### BRIEF
Transcribe exactly, please, the line bearing "Implant insertion (5.5" and all later lines through the end of the records, with the pictures left out.

### SOURCE MATERIAL

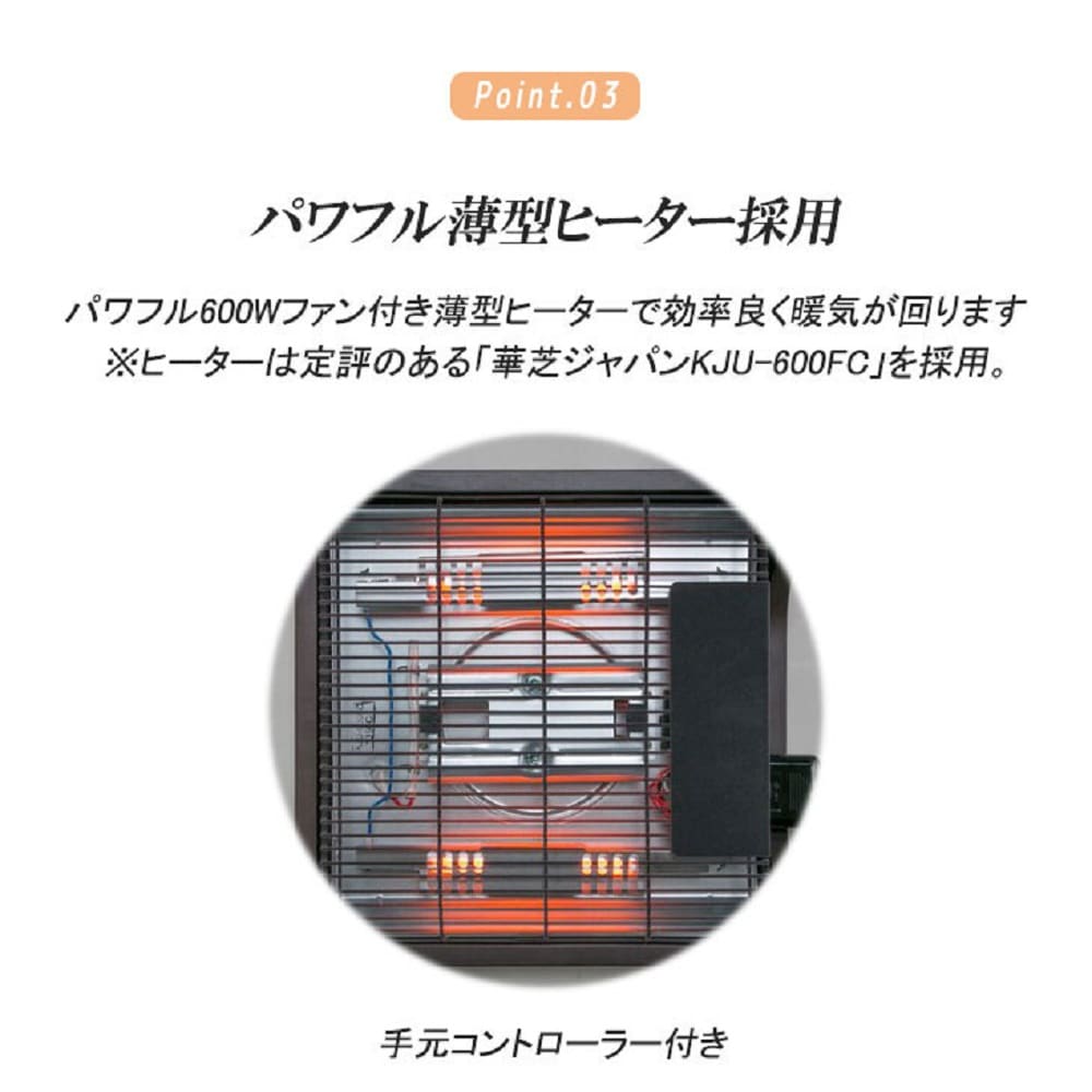 冬はこたつ、春~秋はダイニングテーブルで一年中大活躍! ●布団は独特の凹凸で肌触りのやさしいしじら織の面と撥水加工を施したフランネル面のリバーシブル仕様。リモコンが入るポケット付き。フランネル面は撥水加工仕様。 ●チェアの背もたれはソファのようなボリューム感。360度回転式。熱が逃げない仕切り板付き。 ●効率よく暖気が回るパワフル600Wファン付き薄型ヒーター。便利で使いやすい手元コントローラー。天板は角を取りやさしい丸みのあるデザイン。 ●一部組立式 [仕様] ●電源:AC100V(50/60Hz) ●消費電力:600W ●発熱体:石英管ヒーター300W×2本 ●温度調節方式:無段階調節、ファン付き ●コードの長さ:約2.8m(手元コントローラー付き) [セット内容] テーブル、布団、チェア2脚 ●1年間保証書付き(ヒーター)
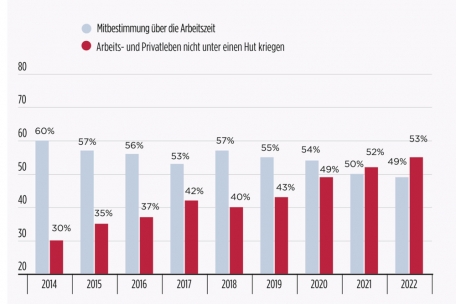 2022 traf dies schon auf 55 Prozent zu. Das gilt sowohl für Alleinstehende, bei denen der Wert 2022 steigt, als auch für Familienväter und -mütter und Paare. Die privaten Umstände sind sehr unterschiedlich, aber eine Ursache für die Dysbalance scheint im Berufsleben zu liegen. Der „Quality of Work Index“ weist aus, dass die Zufriedenheit am Arbeitsplatz zwischen 2014 und 2022 kontinuierlich abnimmt.
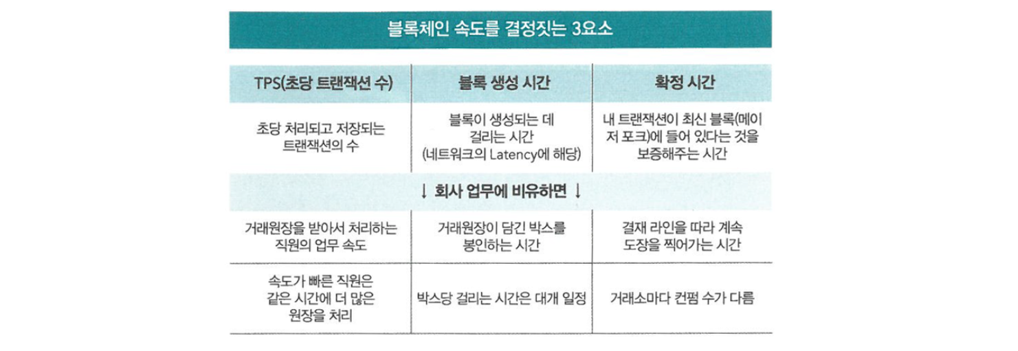 - 블록체인 속도 결정 요소: Transaction per Second, 블록생성시간, 블록생성확정시간
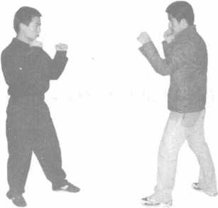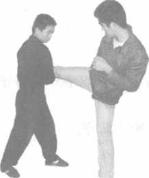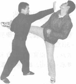 双方站立侵害方右腿横击己方进步左臂外挂防守随即推掌反击侵害方面部。(图4-21123)要点在对方横击力未全发时外挂。要求进步要快与外挂要协调。图4-2-113图4-2-12图4-2-13
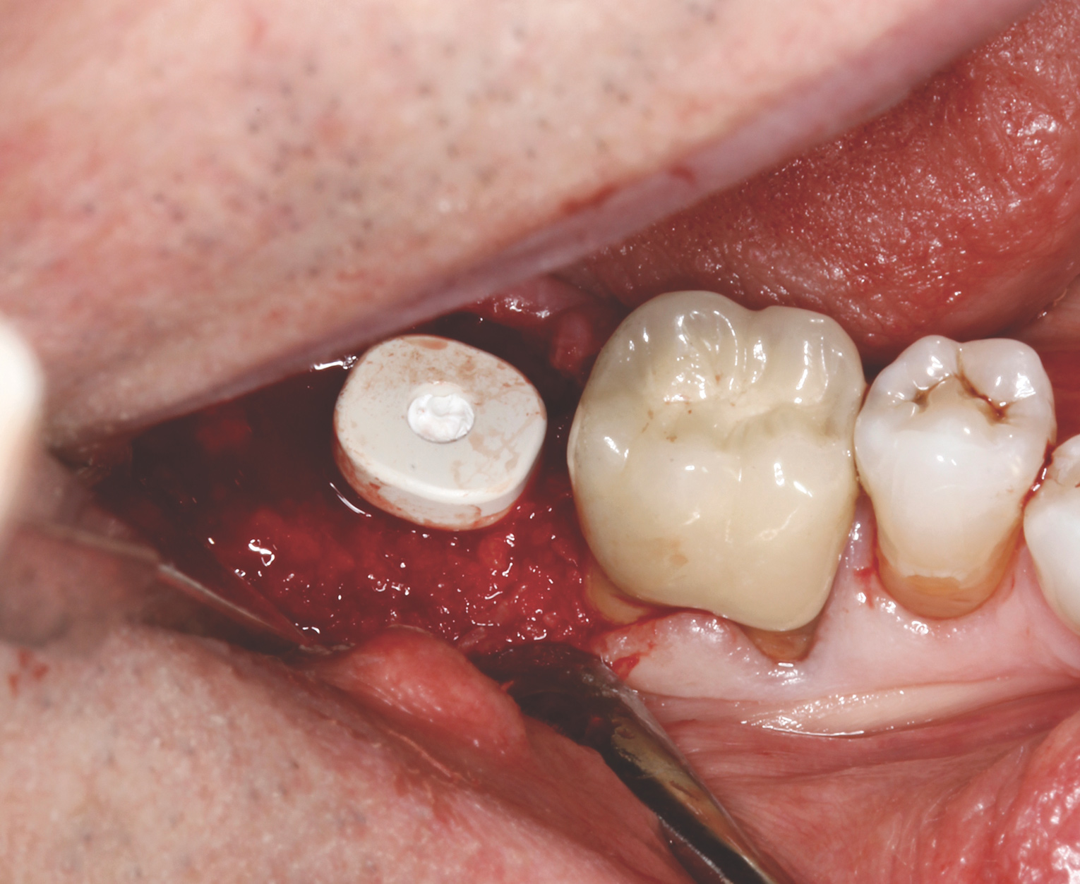 Implant insertion (5.5 mm x 13 mm NobelActive®, Nobel Biocare, nobelbiocare.com) gave excellent primary stability, was level with the residual buccal bone, and achieved an ISQ reading of 74 (Figure 14). Lingual bone contouring (to avoid abutment impingement) was followed with implant gap grafting, which included the mesiobuccal root defect and adjacent extraction site, using mineralized particulate cortico-cancellous allograft (enCore®, Osteogenics Biomedical). A 7 mm x 8 mm poly-ether-ether-ketone (PEEK) healing abutment was inserted and the access opening filled with PTFE tape (Figure 15). A single layer of dHACM (Figure 16) was inserted on the bone graft with tissue forceps and saturated with saline to seal the implant-soft-tissue interface. Suturing with 4-0 chromic gut secured the site, using inverse "figure 8" at the anterior and interrupted sutures at the posterior margin (Figure 17).
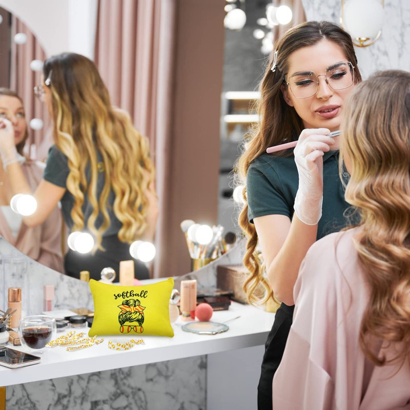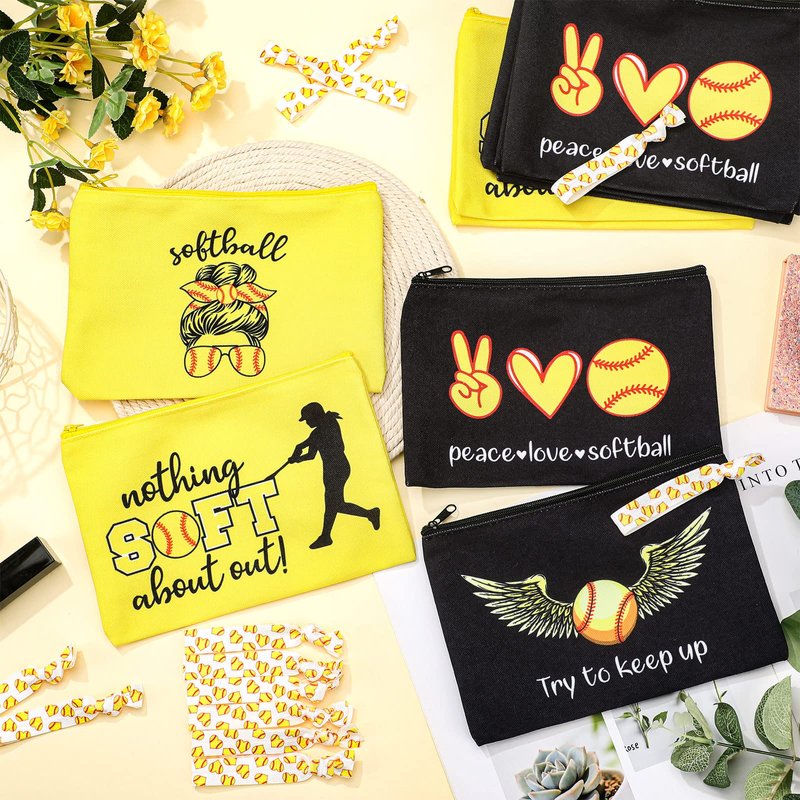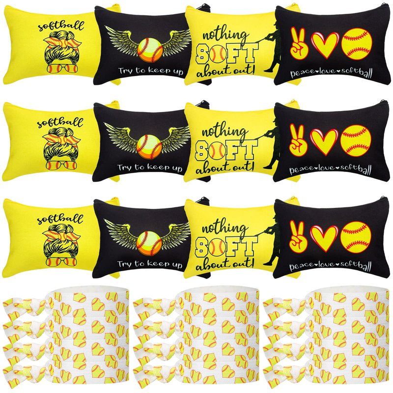 Features: Hold various accessories: The sport cosmetic bag can help you hold a variety of accessories, such as lipsticks, makeup brushes, keys, foundations, eye shadows, pens, rulers, and other delicate things, considerate zipper design, easy to open and close, keep items secure without mess or loss. Ideal for multiple hairstyles: The softball headbands have smooth surfaces, simple to wear, hard to hurt your hair or scalp, convenient for you to get different hairstyles, such as braids, ponytails and buns. Specifications: Material: Softball makeup bags: canvasSoftball hair scrunchies: silk satinMain color: black, yellowSize: Softball makeup bags: about 20 x 13 cm/ 7.87 x 5.12 inchesSoftball hair scrunchies: about 11 cm/ 4.33 inches in outer diameterPackage includes: 12 x Softball makeup bags12 x Softball hair scrunchiesNotes: Manual measurement, please allow slight errors on size. The color may exist a slight difference due to different screen displays.

### RESPONSE TO THIS TASK
 Implant insertion (5.5 mm x 13 mm NobelActive®, Nobel Biocare, nobelbiocare.com) gave excellent primary stability, was level with the residual buccal bone, and achieved an ISQ reading of 74 (Figure 14). Lingual bone contouring (to avoid abutment impingement) was followed with implant gap grafting, which included the mesiobuccal root defect and adjacent extraction site, using mineralized particulate cortico-cancellous allograft (enCore®, Osteogenics Biomedical). A 7 mm x 8 mm poly-ether-ether-ketone (PEEK) healing abutment was inserted and the access opening filled with PTFE tape (Figure 15). A single layer of dHACM (Figure 16) was inserted on the bone graft with tissue forceps and saturated with saline to seal the implant-soft-tissue interface. Suturing with 4-0 chromic gut secured the site, using inverse "figure 8" at the anterior and interrupted sutures at the posterior margin (Figure 17).
 Features: Hold various accessories: The sport cosmetic bag can help you hold a variety of accessories, such as lipsticks, makeup brushes, keys, foundations, eye shadows, pens, rulers, and other delicate things, considerate zipper design, easy to open and close, keep items secure without mess or loss. Ideal for multiple hairstyles: The softball headbands have smooth surfaces, simple to wear, hard to hurt your hair or scalp, convenient for you to get different hairstyles, such as braids, ponytails and buns. Specifications: Material: Softball makeup bags: canvasSoftball hair scrunchies: silk satinMain color: black, yellowSize: Softball makeup bags: about 20 x 13 cm/ 7.87 x 5.12 inchesSoftball hair scrunchies: about 11 cm/ 4.33 inches in outer diameterPackage includes: 12 x Softball makeup bags12 x Softball hair scrunchiesNotes: Manual measurement, please allow slight errors on size. The color may exist a slight difference due to different screen displays.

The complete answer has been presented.